In New Orleans, Louisiana, there is this magical thing where you can put your alcoholic drink in a plastic cup of any kind and leave the establishment you are patronizing—or even your own very house—and go outside.
It’s called a “go-cup” and, in its simplest form, it looks like this:
The bars and restaurants have them for your convenience and many residents keep a supply on hand too.
I still remember the first time I went to New Orleans, about five years ago, and realized that I could do this. It was … OK, liberating might be a strong word … but it did bring into sharp relief the lack of freedom that I experience in other parts of the U.S. that do not allow public consumption of alcohol. Moreover, it revealed to me how deeply I had internalized the idea that (1) you can’t drink alcohol in public, (2) if you want to drink alcohol and you’re not at home, you have to purchase it from a vendor, and (3) if you purchase a drink, you must finish drinking it or abandon the remains if you want to go somewhere else.
Dolores’ experience is a great example of how we internalize rules invented by humans to the point where they feel like laws of nature.
None of these rules apply in New Orleans.
I had the pleasure of showing my friend Dolores around the city last month and chuckled as she kept forgetting that we could leave a bar or restaurant with a drink in hand.
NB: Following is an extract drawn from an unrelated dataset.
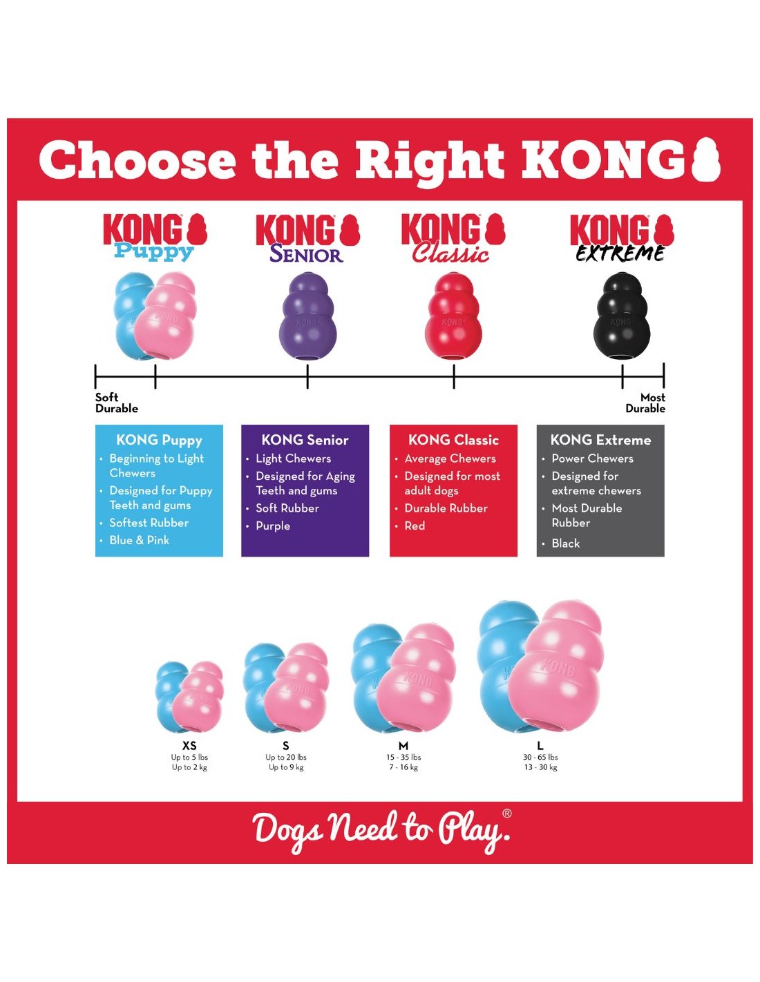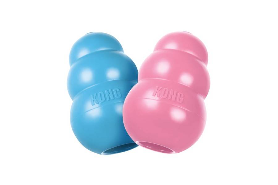 La joguina per a gossos Puppy KONG està adaptat per a les dents de llet d'un cadell que està creixent; la seva exclusiva fórmula de cautxú completament natural és la més suau de la línia de joguines de cautxú KONG. Dissenyat per a satisfer les necessitats de les 28 dents de llet d'un cadell, contribueix a l'aprenentatge de comportaments de masticació apropiats alhora que aporta beneficis i satisfà les necessitats instintives dels cadells més petits. Els seus rebots erràtics ho converteixen en la joguina ideal per a aquests cadells que només volen jugar. Empleni-ho amb aliment balancejat per a cadells o aliment humit.

I’d suggest we go and she’d remember, suddenly, that we could. We didn’t have to sit around and finish our drinks. Or, even crazier, we could pop into a bar as we walked by, order a drink, and keep going on our merry way. Her realization that these were possibilities happened over and over again, as she kept reverting to her non-conscious habits.
Dolores’ experience is a great example of how we internalize rules invented by humans to the point where they feel like laws of nature. In our daily lives in Los Angeles, California, where we both live, we hang out together and drink alcohol under the local regulations. We rarely feel constrained by these because we forget that it could be another way. This is the power of culture to make alternative ways of life invisible and, as a result, gain massive public conformity to arbitrary norms and laws.